#### [TASK GOAL]
Repeat word for word, please, only the lines of the material from the one containing "For even more" through its final line, both ends included.

#### [DATASET SECTION]

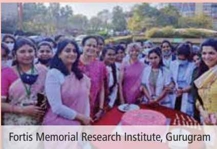
Fortis Memorial Research Institute, Gurugram
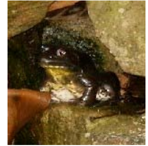
(Green Frog in January)
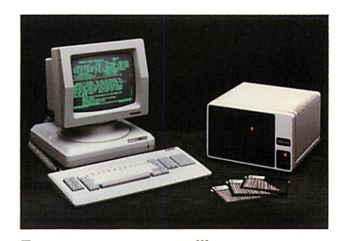
For even more versatility, you can add personal computing capabilities to the 2178 Display Station by connecting a Memorex 2200 Attached Processor.

The benefit of this advanced design is that you can arrange the modules to suit your desktop space. For example, you can place the logic module on your shelf, set the display module in the corner, and put the keyboard on the desk edge nearest your chair. The cabling, from keyboard to display and from display to logic module, enhances this flexibility.

#### [REPLY TO THE TASK]
For even more versatility, you can add personal computing capabilities to the 2178 Display Station by connecting a Memorex 2200 Attached Processor.

The benefit of this advanced design is that you can arrange the modules to suit your desktop space. For example, you can place the logic module on your shelf, set the display module in the corner, and put the keyboard on the desk edge nearest your chair. The cabling, from keyboard to display and from display to logic module, enhances this flexibility.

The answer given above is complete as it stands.